■ DATASET EXTRACT:

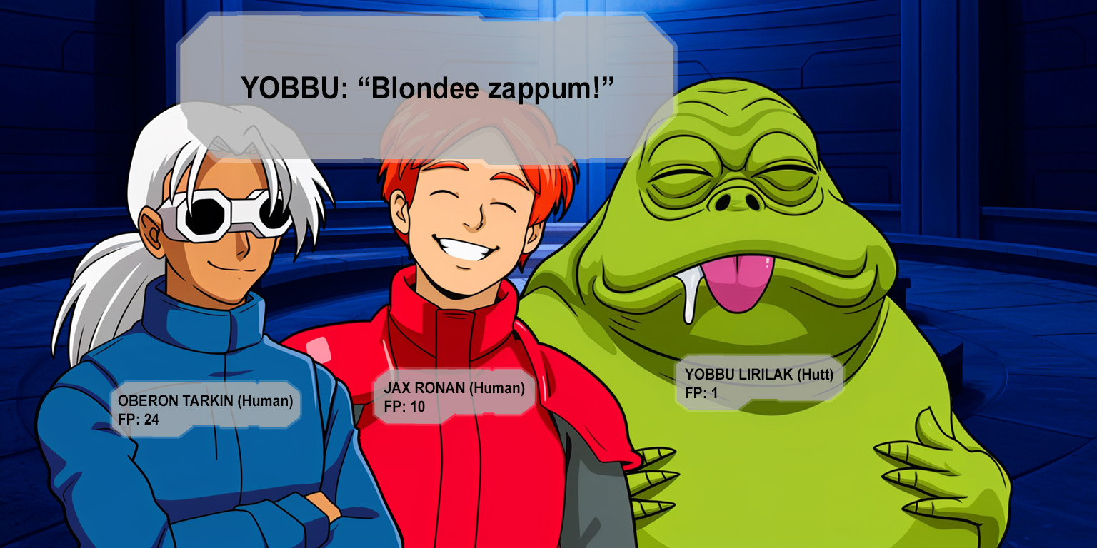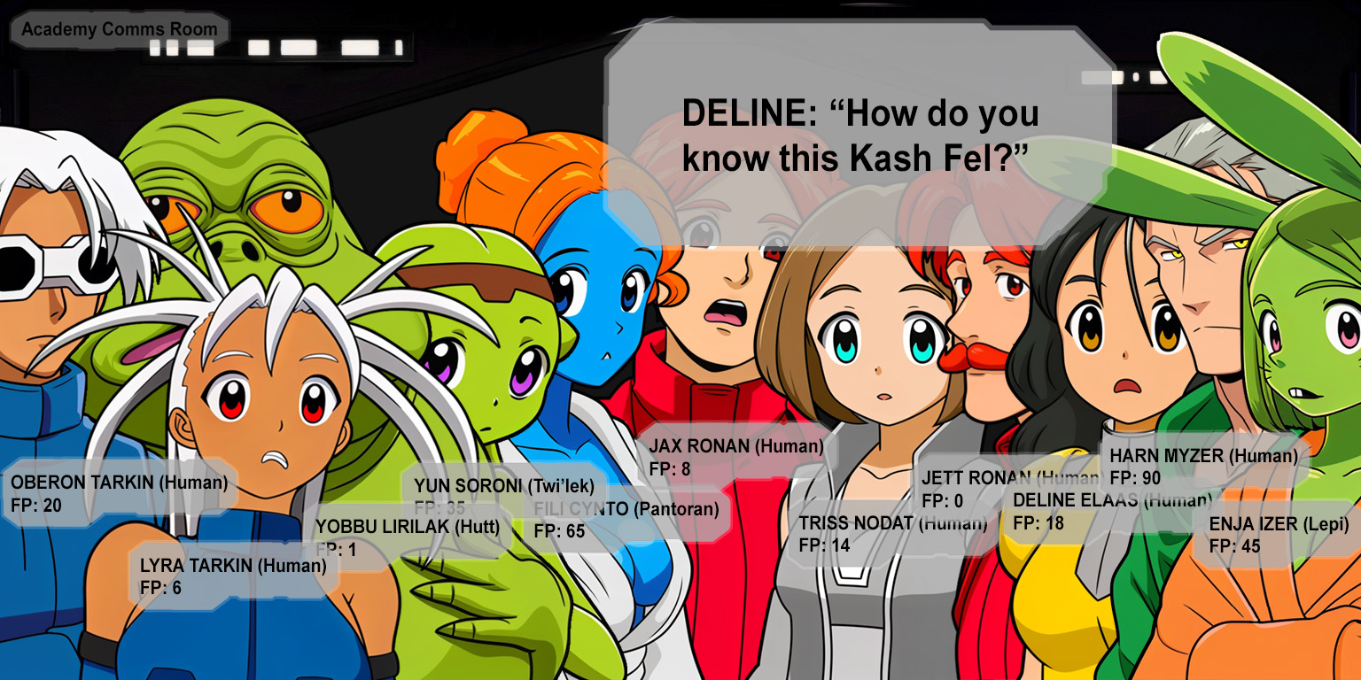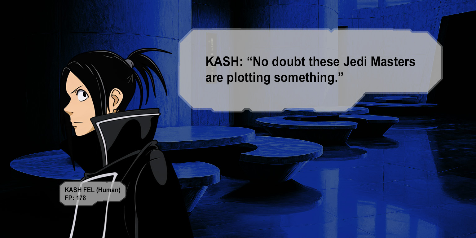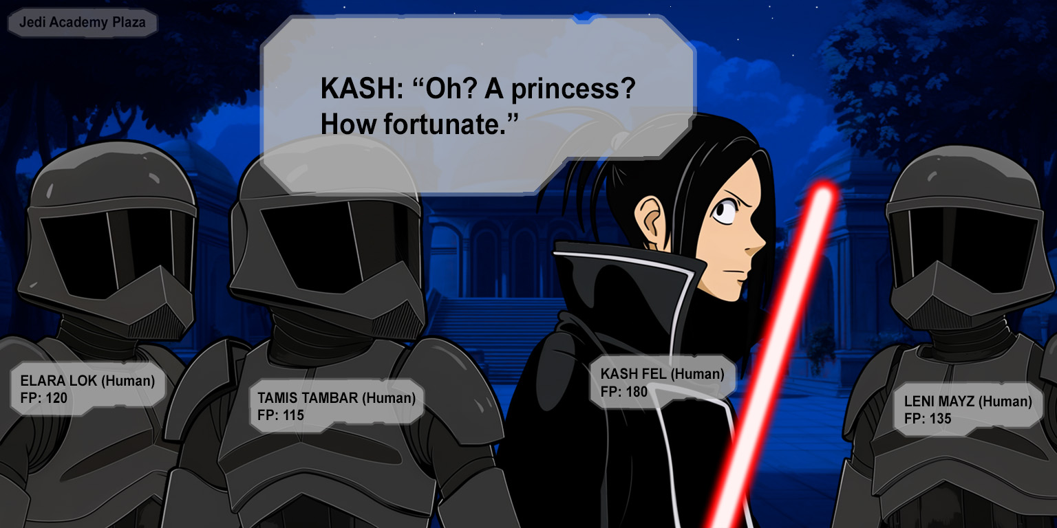Kash ignites a blue lightsaber in his other hand. "Those who claim to rule must be willing to stain themselves."I never claimed to rule! How did a capture target turn into a death flag?! And what's with these lines?Jax and Deline step in front of Kash and then Jett raises one hand. "Princess Cady has no claim to Amantes. If you're looking for someone to fight, it's me.""Dad, no!" Jax takes another step toward Kash. "Call off your ship.""An old man with a blaster?" Kash sneers at Jett and then glances toward Jax and looks at Cady again. "I will allow this princess the honor of a duel. She is the only one with status fit to stand before me."Why does everyone want to duel me?!Cady glances at Jax's nametag and then at Deline and Harn.Jax still only has 8 Force points? And Deline hasn't recovered much either! And Harn only has 90? It's because everyone is still recovering from fighting Jorma Gon and that droid. This is the worst possible time for a second battle! What kind of game balance is this? Kash has twice as many Force points as Harn does right now!Cady glances at Kash as he steps closer to Harn and the others.Kash is the kind of person who only respects a show of force, right?Fili and Enja move alongside Harn to shield Cady and the other students. As they do, their nametags shift to their backs to stay in Cady's view.If they get in a lightsaber fight with Kash and his guards, at least one of them will probably be killed! The fight with Jorma Gon and his droid could have gone a lot worse, and everyone started that fight with all their Force points!Cady glances at her status window.I'm still completely out of Force points?! Even if I used my Duet ability to siphon Force points from Jax, I still wouldn't have enough.(She called it 'vampirism' a little while ago.)Cady meets Kash's gaze again and when she looks away she sees Yun hidden behind Yobbu.Yun can defeat Master Harn in a lightsaber fight while pretending Yobbu is fighting because she has 6x efficiency... and right now she has 35 Force points? Wouldn't she be able to defeat Kash?Cady glances at Kash and back to the Twi'lek girl standing behind the Hutt.But if something goes wrong, I don't want to be responsible for creating a death flag for Yun!"Enough talk." Cady turns at the sound of Kash's voice and gasps when they make eye contact and then Kash grins at her. "Face me, princess to prince. I offer you this one chance to defend this world from my rule. Defeat me, and I will obey you."Fili slowly tilts her head toward Cady with her eyes still fixed on Kash. "Cady, don't be foolish!"Cady looks past Fili's shoulder at Kash and then she swallows again.I don't want any death flags for my friends, but I don't want to die either!>I accept your challenge!>D-doesn't Mighty Yobbu outrank me?>Maybe we should just let him win...
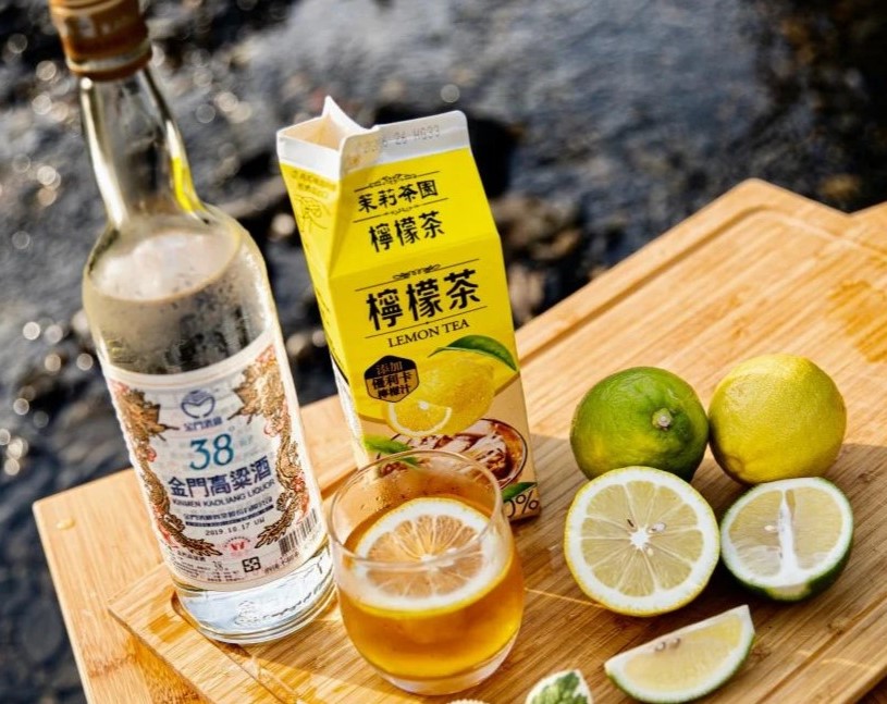 將高粱酒搭配檸檬茶,微澀的茶香與檸檬的香氣相互融合,不僅是消暑的佳選,更是高粱酒的絕佳搭檔。最後,再以幾片檸檬裝飾,飲品的風味更佳。
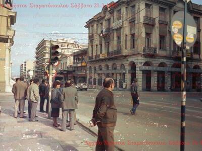 Κορίνθου και Γούναρη στο κέντρο της Πάτρας Σάββατο 21-3-1987, στην γωνία συνδικαλιστές κουβεντιάζουν, ένας περαστικός έχοντας κάνει τα ψώνια του από τον Μουστάκη προσπαθεί να περάσει απένταντι με τον τροχονόμο (Μπαξεβάνης;;;) ίσα ίσα να φαίνεται πάνω από τον ώμο του ενώ πίσω του δεσπόζει το όμορφο κτήριο με τις φθορές και τα σημάδια του χρόνου κάτι παραπάνω από ορατά.
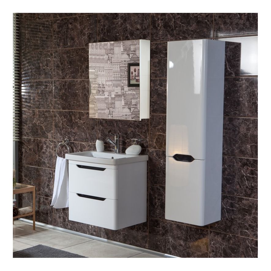 Έπιπλο μπάνιου σύνθεση της MARTIN σειρά BELE μοντέλο White Λευκή Γυαλιστερή Λάκα 60 cm. Κρεμαστή βάση επίπλου, αποθηκευτικό χώρος, νιπτήρας πορσελάνης, κρεμαστός καθρέπτης ντουλάπι. Η σειρά επίπλων μπάνιου ακολουθεί τη λογική ενσωματώνει όλες τις σύγχρονες τάσεις στο σχεδιασμό επίπλων μπάνιου. H κρεμαστή στήλη η μπαταρία και τα αξεσουάρ δεν συμπεριλαμβάνεται στην τιμή.
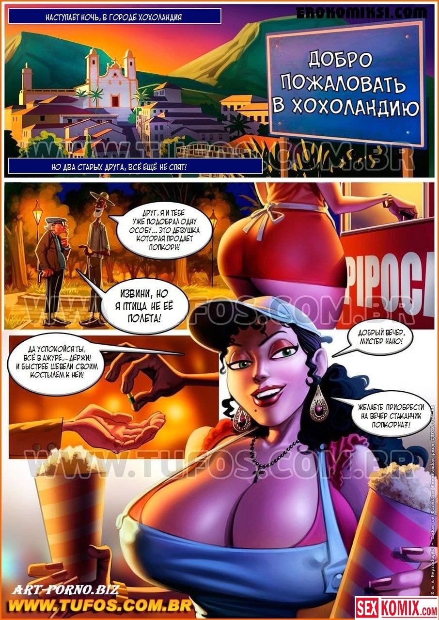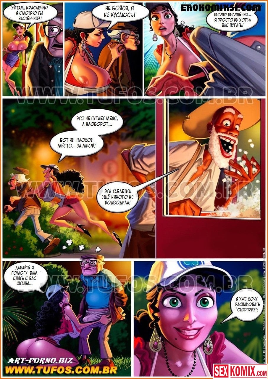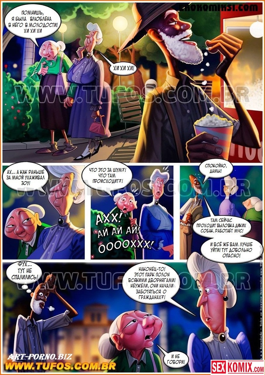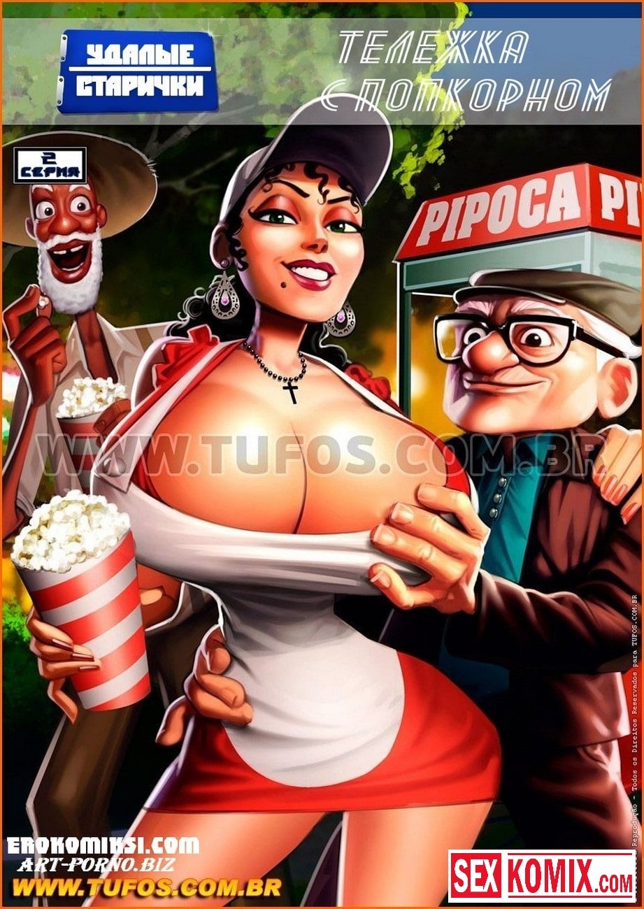 Порно комикс Удалые старички. Часть 2. Тележка с попкорном. Двое развратных стариков продолжают свои сексуальные приключения и снова отправляются в парк, чтобы снять новых красоток для секса. Им на глаза попадается красивая продавщица попкорна. По её предыстории понятно, что секс у неё не было очень давно, потому что муж не обращает на неё никакого внимания. Он только смотрит футбол по телевизору. Но эти старички знают как утешить даму, они отправляются с ней в кусты, снимаю с неё одежду и хорошенько её трахают вдвоём.
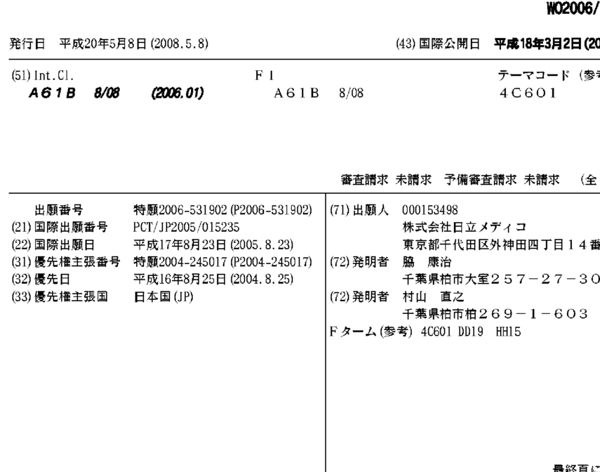 CN100563582C | CN101005806A | EP1782736A1 | EP1782736A4 | EP1782736B1 | JP4762144B2 | JPWO2006022238A1 | US20080188743A1 | US7871380 | WO2006022238A1
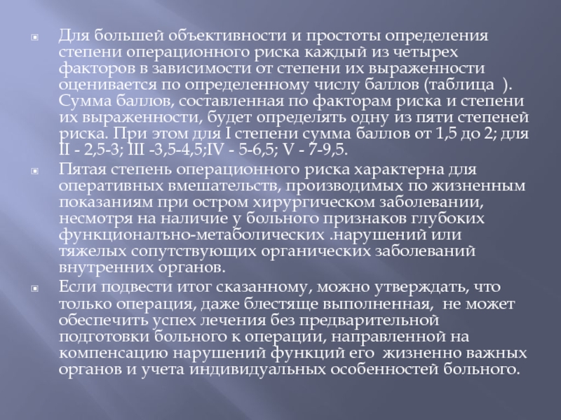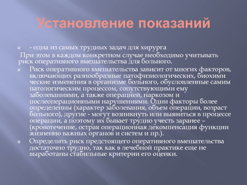 Риск оперативного вмешательства зависит от многих факторов, включающих разнообразные патофизиологических, биохимические изменения в организме больного, обусловленные самим патологическим процессом, сопутствующими ему заболеваниями, а также операцией, наркозом и послеоперационными нарушениями. Одни факторы более определенны (характер заболевания, объем операции, возраст больного), другие - могут возникнуть или выявиться в процессе операции, а поэтому их бывает трудно учесть заранее – (кровотечение, острая операционная декомпенсация функции жизненно важных органов и систем и пр.).
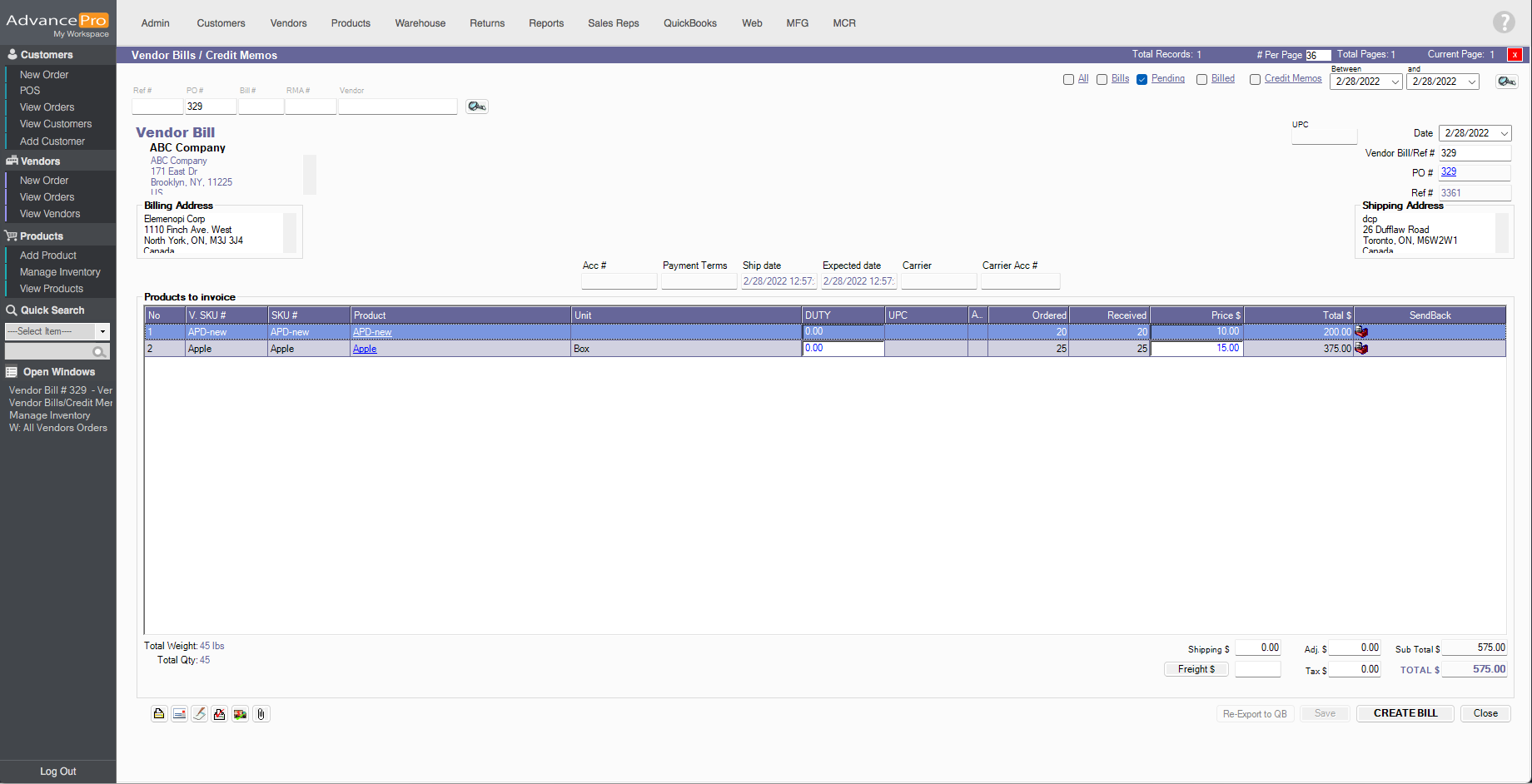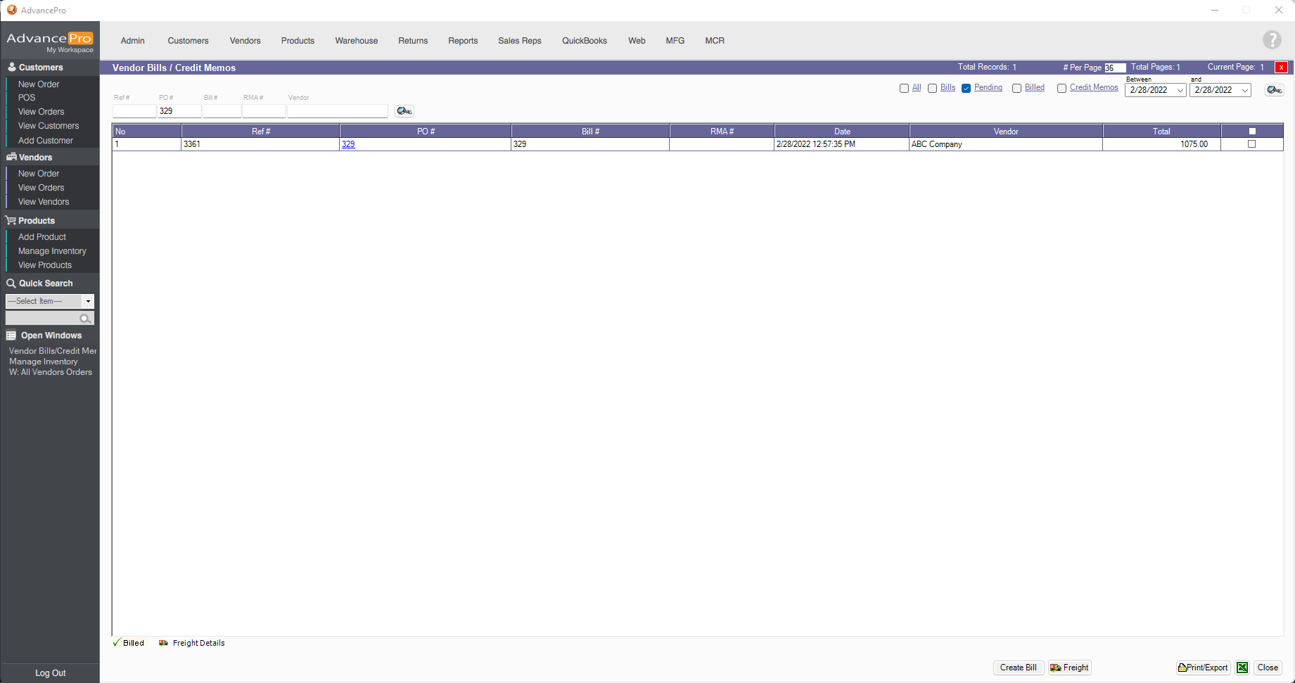 AdvancePro has added the ability to send a pending bill back to the warehouse.

■ EXERCISE OBJECTIVE:
Look above for the line with "將高粱酒搭配檸檬茶,微澀的茶" and the line with "Κορίνθου και Γούναρη". Output those two and everything between them exactly, pictures excluded.

■ OUTPUT:
 將高粱酒搭配檸檬茶,微澀的茶香與檸檬的香氣相互融合,不僅是消暑的佳選,更是高粱酒的絕佳搭檔。最後,再以幾片檸檬裝飾,飲品的風味更佳。
 Κορίνθου και Γούναρη στο κέντρο της Πάτρας Σάββατο 21-3-1987, στην γωνία συνδικαλιστές κουβεντιάζουν, ένας περαστικός έχοντας κάνει τα ψώνια του από τον Μουστάκη προσπαθεί να περάσει απένταντι με τον τροχονόμο (Μπαξεβάνης;;;) ίσα ίσα να φαίνεται πάνω από τον ώμο του ενώ πίσω του δεσπόζει το όμορφο κτήριο με τις φθορές και τα σημάδια του χρόνου κάτι παραπάνω από ορατά.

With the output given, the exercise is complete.